*Exercise description*
With the pictures omitted, transcribe each line below exactly as it is.

*Dataset section*
== Segment start ==

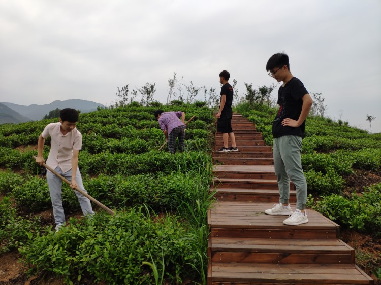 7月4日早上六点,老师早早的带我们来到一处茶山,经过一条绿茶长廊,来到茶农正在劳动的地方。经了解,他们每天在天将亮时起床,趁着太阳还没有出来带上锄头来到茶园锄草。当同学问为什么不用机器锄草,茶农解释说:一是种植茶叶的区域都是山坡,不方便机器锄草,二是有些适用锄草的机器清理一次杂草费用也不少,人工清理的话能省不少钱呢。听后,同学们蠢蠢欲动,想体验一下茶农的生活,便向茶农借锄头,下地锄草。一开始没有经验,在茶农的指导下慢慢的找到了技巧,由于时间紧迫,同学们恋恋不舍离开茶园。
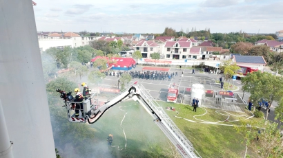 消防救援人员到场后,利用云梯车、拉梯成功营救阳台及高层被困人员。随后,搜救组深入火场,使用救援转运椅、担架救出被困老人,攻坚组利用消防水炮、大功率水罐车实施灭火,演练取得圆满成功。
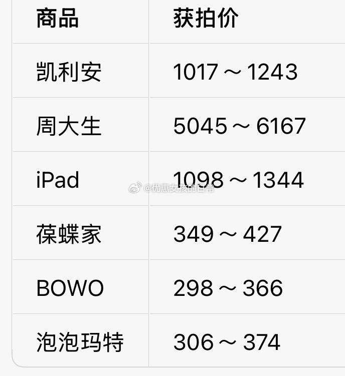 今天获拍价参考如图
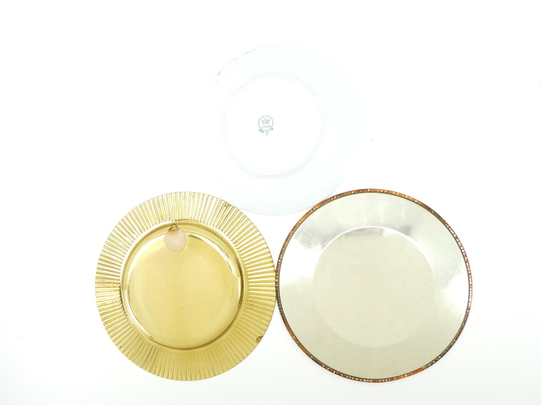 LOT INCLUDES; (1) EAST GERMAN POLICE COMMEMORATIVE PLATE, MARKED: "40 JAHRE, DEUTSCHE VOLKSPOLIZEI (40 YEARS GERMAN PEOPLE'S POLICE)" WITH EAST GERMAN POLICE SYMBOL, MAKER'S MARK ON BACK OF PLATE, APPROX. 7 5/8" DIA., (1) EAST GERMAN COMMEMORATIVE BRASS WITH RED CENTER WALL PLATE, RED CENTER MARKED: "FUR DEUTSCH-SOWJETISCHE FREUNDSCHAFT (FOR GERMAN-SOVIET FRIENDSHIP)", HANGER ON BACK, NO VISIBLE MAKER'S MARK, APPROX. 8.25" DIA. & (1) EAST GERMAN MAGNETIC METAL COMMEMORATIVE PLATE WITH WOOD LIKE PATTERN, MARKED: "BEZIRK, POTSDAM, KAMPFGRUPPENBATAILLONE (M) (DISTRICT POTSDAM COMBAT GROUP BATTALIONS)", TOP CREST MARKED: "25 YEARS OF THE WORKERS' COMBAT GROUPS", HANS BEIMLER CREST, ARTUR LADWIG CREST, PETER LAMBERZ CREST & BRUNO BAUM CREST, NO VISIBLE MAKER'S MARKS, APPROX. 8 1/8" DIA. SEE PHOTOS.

== Segment end ==

*Answer for the task*
 7月4日早上六点,老师早早的带我们来到一处茶山,经过一条绿茶长廊,来到茶农正在劳动的地方。经了解,他们每天在天将亮时起床,趁着太阳还没有出来带上锄头来到茶园锄草。当同学问为什么不用机器锄草,茶农解释说:一是种植茶叶的区域都是山坡,不方便机器锄草,二是有些适用锄草的机器清理一次杂草费用也不少,人工清理的话能省不少钱呢。听后,同学们蠢蠢欲动,想体验一下茶农的生活,便向茶农借锄头,下地锄草。一开始没有经验,在茶农的指导下慢慢的找到了技巧,由于时间紧迫,同学们恋恋不舍离开茶园。
 消防救援人员到场后,利用云梯车、拉梯成功营救阳台及高层被困人员。随后,搜救组深入火场,使用救援转运椅、担架救出被困老人,攻坚组利用消防水炮、大功率水罐车实施灭火,演练取得圆满成功。
 今天获拍价参考如图
 LOT INCLUDES; (1) EAST GERMAN POLICE COMMEMORATIVE PLATE, MARKED: "40 JAHRE, DEUTSCHE VOLKSPOLIZEI (40 YEARS GERMAN PEOPLE'S POLICE)" WITH EAST GERMAN POLICE SYMBOL, MAKER'S MARK ON BACK OF PLATE, APPROX. 7 5/8" DIA., (1) EAST GERMAN COMMEMORATIVE BRASS WITH RED CENTER WALL PLATE, RED CENTER MARKED: "FUR DEUTSCH-SOWJETISCHE FREUNDSCHAFT (FOR GERMAN-SOVIET FRIENDSHIP)", HANGER ON BACK, NO VISIBLE MAKER'S MARK, APPROX. 8.25" DIA. & (1) EAST GERMAN MAGNETIC METAL COMMEMORATIVE PLATE WITH WOOD LIKE PATTERN, MARKED: "BEZIRK, POTSDAM, KAMPFGRUPPENBATAILLONE (M) (DISTRICT POTSDAM COMBAT GROUP BATTALIONS)", TOP CREST MARKED: "25 YEARS OF THE WORKERS' COMBAT GROUPS", HANS BEIMLER CREST, ARTUR LADWIG CREST, PETER LAMBERZ CREST & BRUNO BAUM CREST, NO VISIBLE MAKER'S MARKS, APPROX. 8 1/8" DIA. SEE PHOTOS.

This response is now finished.